■ **HOW TO COMPLETE THIS TASK**: Copy out exactly the lines spanning the line with "The image displays" to the line with "作为东建集团的标杆豪宅项目,东建映月湖壹", inclusive, from the data underneath, with no pictures.

=== TASK INPUTS ===

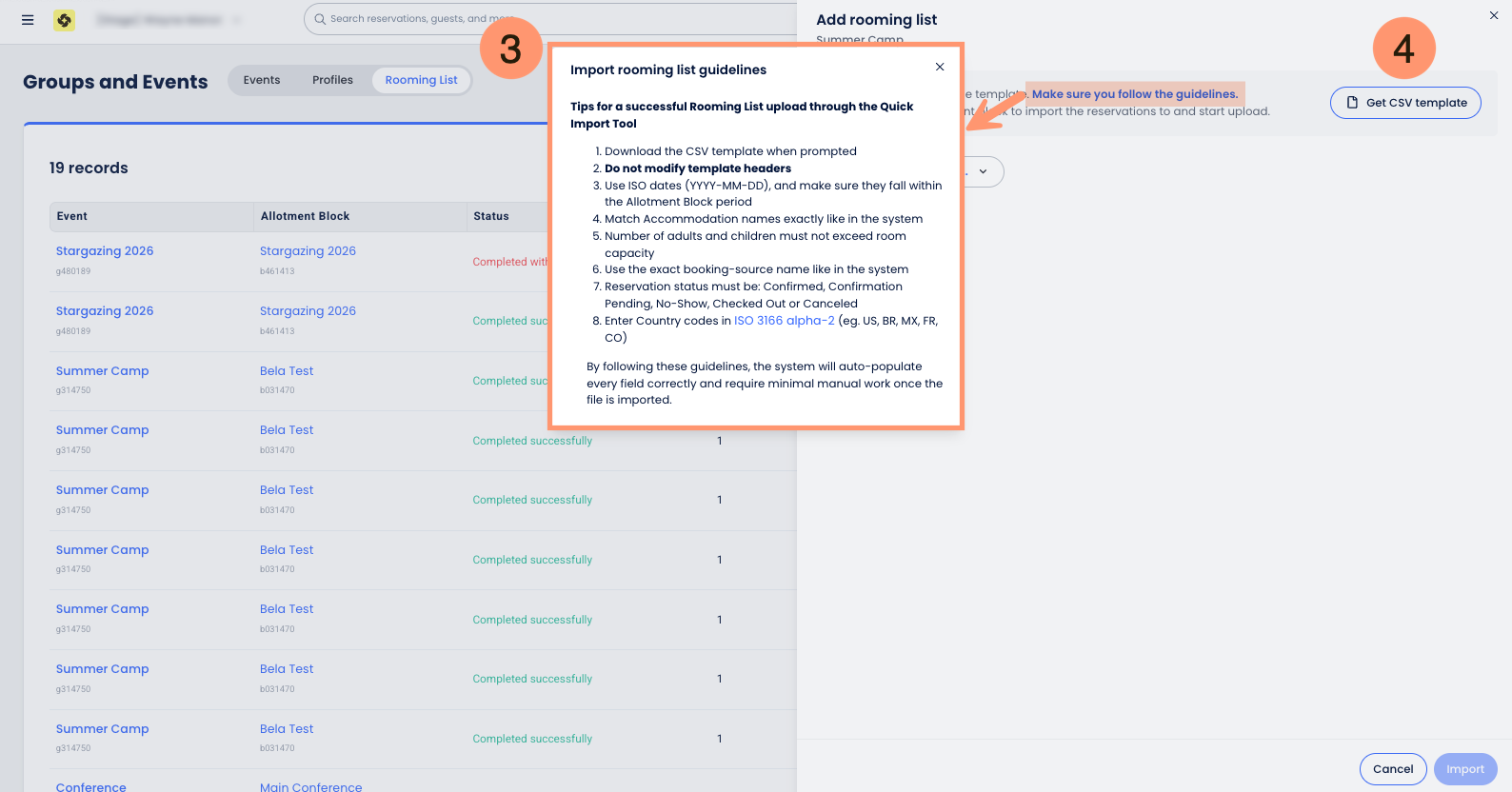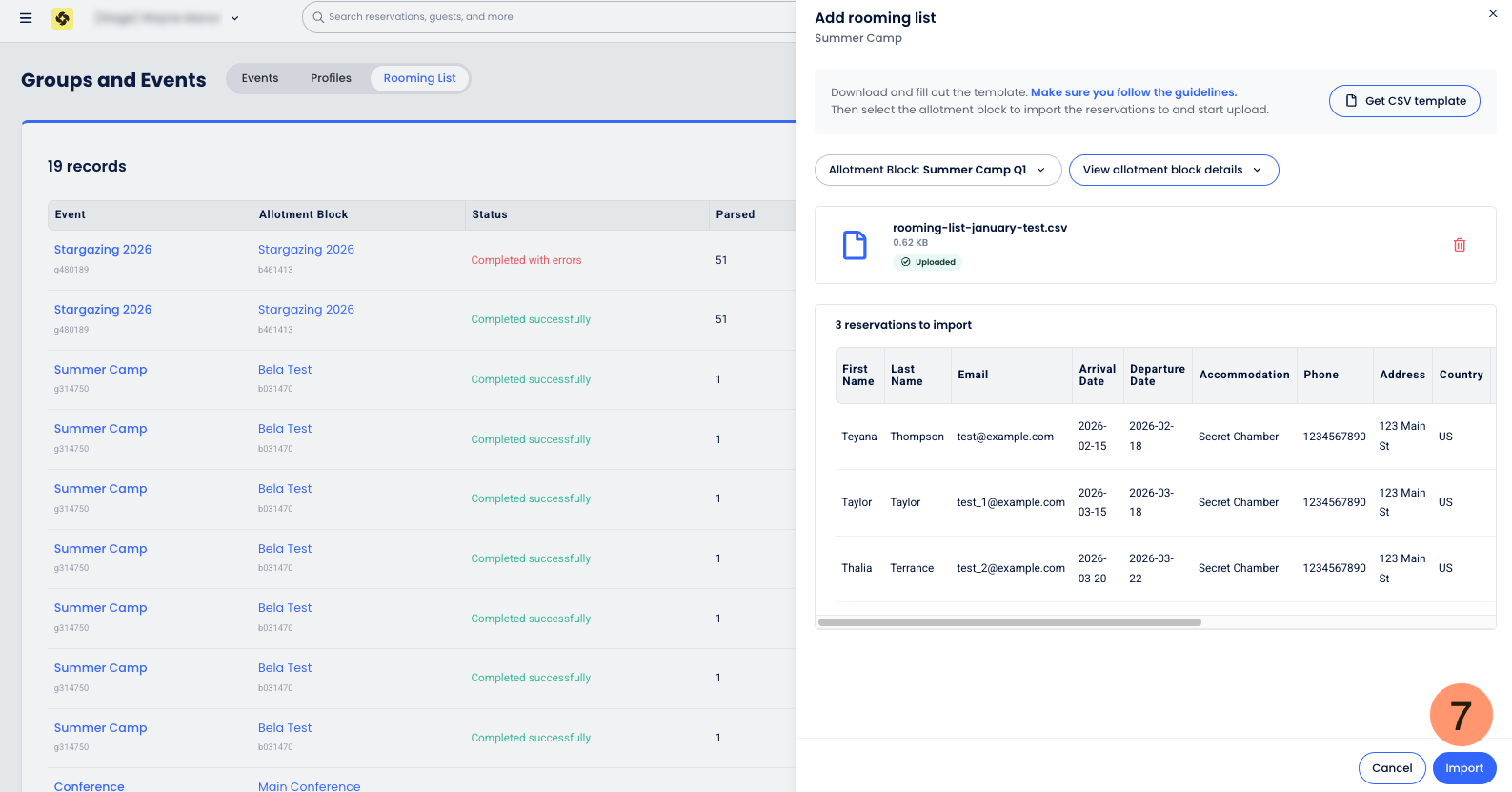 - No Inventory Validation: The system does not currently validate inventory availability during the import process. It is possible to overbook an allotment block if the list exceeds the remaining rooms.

===
=== TASK INPUTS ===

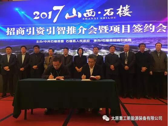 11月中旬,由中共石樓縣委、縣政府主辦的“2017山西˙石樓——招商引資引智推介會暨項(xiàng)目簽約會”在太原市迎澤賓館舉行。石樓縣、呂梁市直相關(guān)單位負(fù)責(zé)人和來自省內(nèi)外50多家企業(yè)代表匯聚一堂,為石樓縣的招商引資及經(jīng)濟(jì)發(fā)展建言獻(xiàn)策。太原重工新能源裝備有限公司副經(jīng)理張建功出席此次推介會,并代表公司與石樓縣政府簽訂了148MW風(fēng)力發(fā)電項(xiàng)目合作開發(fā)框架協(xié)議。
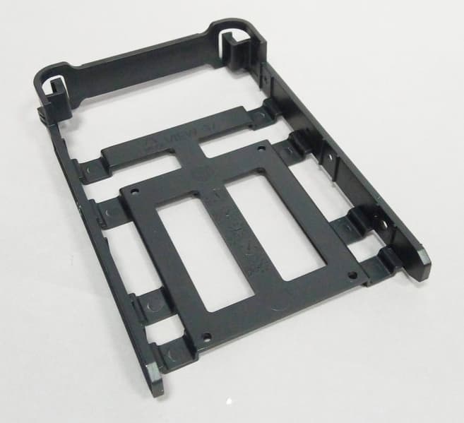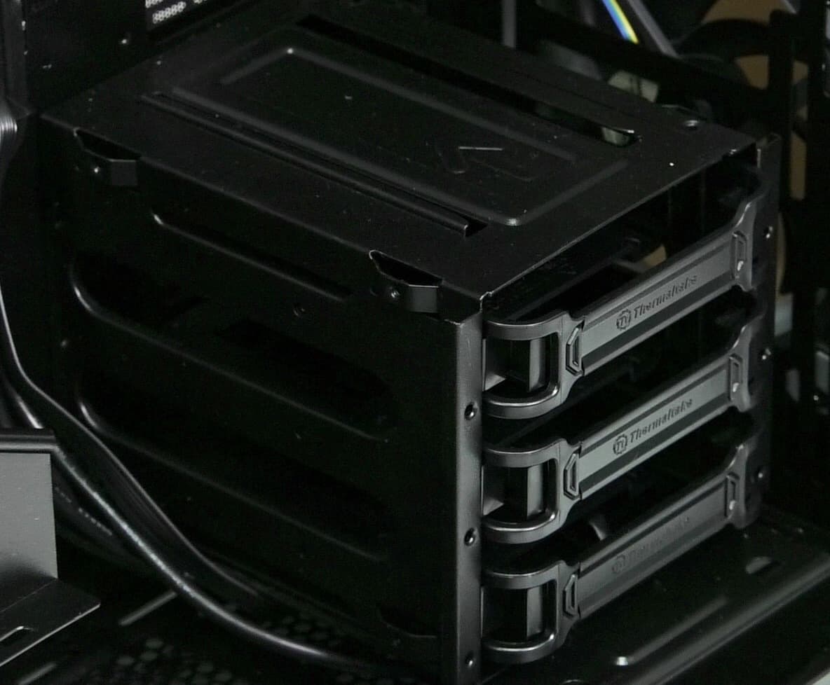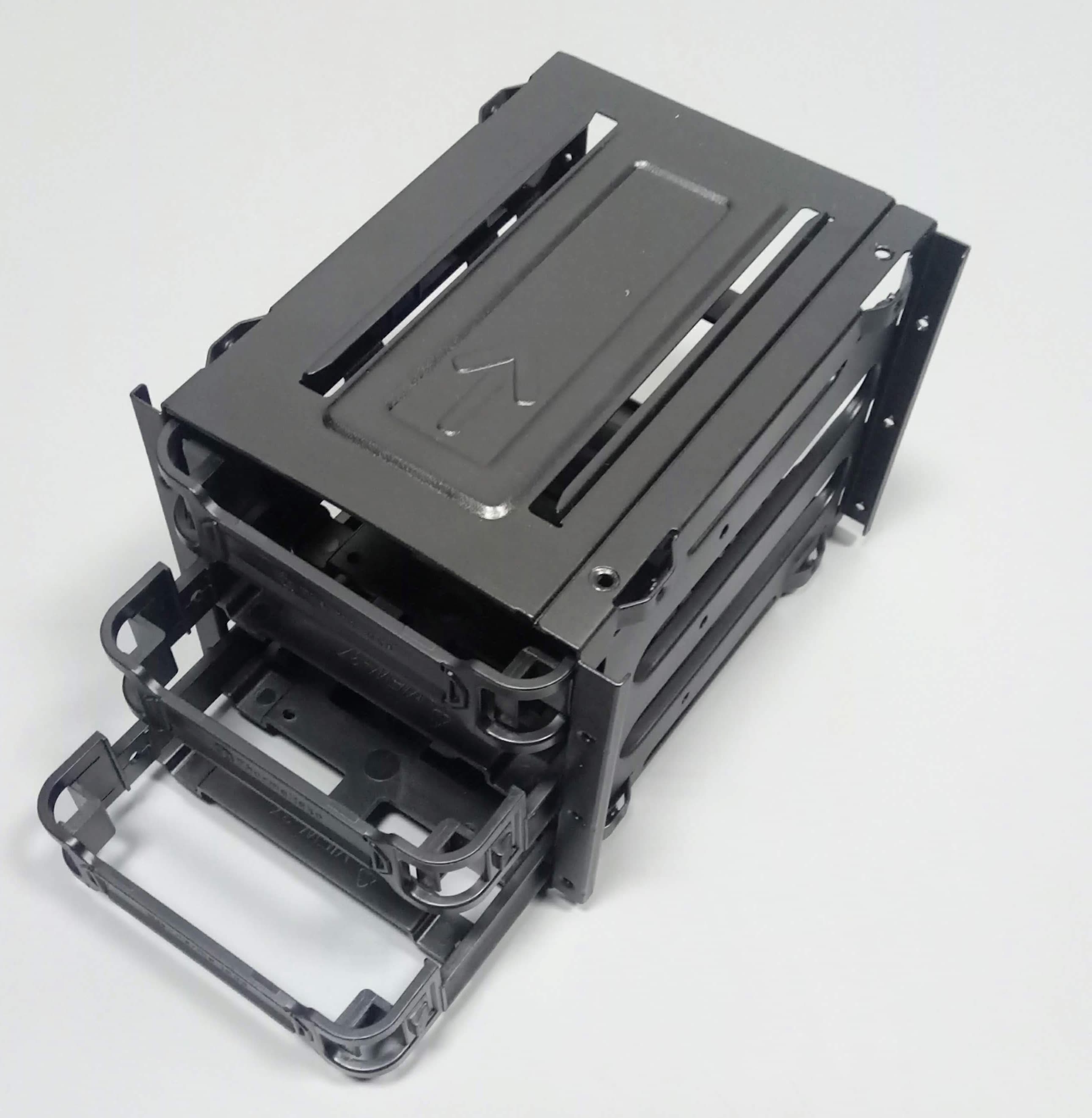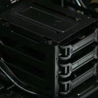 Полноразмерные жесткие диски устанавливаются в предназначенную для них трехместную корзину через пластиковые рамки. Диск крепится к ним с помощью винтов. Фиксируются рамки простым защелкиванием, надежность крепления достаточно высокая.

===
=== TASK INPUTS ===

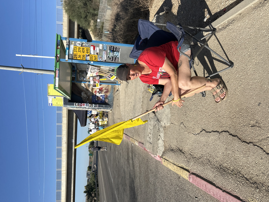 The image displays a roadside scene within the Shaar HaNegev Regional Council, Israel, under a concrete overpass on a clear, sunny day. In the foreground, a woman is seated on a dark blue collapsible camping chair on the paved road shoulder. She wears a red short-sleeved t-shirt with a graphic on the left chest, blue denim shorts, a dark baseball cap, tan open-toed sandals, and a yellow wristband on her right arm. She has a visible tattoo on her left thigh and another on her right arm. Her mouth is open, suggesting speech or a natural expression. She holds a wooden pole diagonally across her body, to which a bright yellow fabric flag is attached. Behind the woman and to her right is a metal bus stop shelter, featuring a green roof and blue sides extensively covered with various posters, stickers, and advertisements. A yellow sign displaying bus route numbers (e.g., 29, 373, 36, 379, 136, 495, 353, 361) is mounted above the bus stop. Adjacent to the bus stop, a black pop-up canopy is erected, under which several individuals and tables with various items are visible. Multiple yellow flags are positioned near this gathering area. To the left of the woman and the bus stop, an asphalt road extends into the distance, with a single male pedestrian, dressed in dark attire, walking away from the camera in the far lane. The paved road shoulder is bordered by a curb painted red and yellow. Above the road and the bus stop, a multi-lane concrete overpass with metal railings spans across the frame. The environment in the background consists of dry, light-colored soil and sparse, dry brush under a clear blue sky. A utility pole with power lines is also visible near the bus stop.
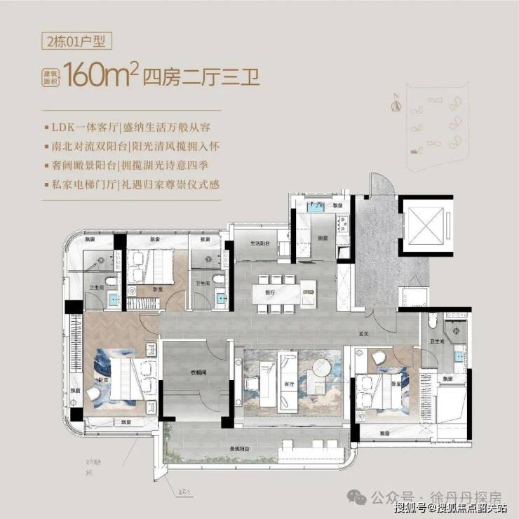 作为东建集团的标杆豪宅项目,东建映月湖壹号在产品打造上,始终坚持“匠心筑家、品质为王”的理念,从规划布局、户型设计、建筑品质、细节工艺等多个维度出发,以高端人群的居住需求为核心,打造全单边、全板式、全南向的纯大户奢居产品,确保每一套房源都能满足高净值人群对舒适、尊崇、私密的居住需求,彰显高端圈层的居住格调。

===

■ **REPLY**:
 The image displays a roadside scene within the Shaar HaNegev Regional Council, Israel, under a concrete overpass on a clear, sunny day. In the foreground, a woman is seated on a dark blue collapsible camping chair on the paved road shoulder. She wears a red short-sleeved t-shirt with a graphic on the left chest, blue denim shorts, a dark baseball cap, tan open-toed sandals, and a yellow wristband on her right arm. She has a visible tattoo on her left thigh and another on her right arm. Her mouth is open, suggesting speech or a natural expression. She holds a wooden pole diagonally across her body, to which a bright yellow fabric flag is attached. Behind the woman and to her right is a metal bus stop shelter, featuring a green roof and blue sides extensively covered with various posters, stickers, and advertisements. A yellow sign displaying bus route numbers (e.g., 29, 373, 36, 379, 136, 495, 353, 361) is mounted above the bus stop. Adjacent to the bus stop, a black pop-up canopy is erected, under which several individuals and tables with various items are visible. Multiple yellow flags are positioned near this gathering area. To the left of the woman and the bus stop, an asphalt road extends into the distance, with a single male pedestrian, dressed in dark attire, walking away from the camera in the far lane. The paved road shoulder is bordered by a curb painted red and yellow. Above the road and the bus stop, a multi-lane concrete overpass with metal railings spans across the frame. The environment in the background consists of dry, light-colored soil and sparse, dry brush under a clear blue sky. A utility pole with power lines is also visible near the bus stop.
 作为东建集团的标杆豪宅项目,东建映月湖壹号在产品打造上,始终坚持“匠心筑家、品质为王”的理念,从规划布局、户型设计、建筑品质、细节工艺等多个维度出发,以高端人群的居住需求为核心,打造全单边、全板式、全南向的纯大户奢居产品,确保每一套房源都能满足高净值人群对舒适、尊崇、私密的居住需求,彰显高端圈层的居住格调。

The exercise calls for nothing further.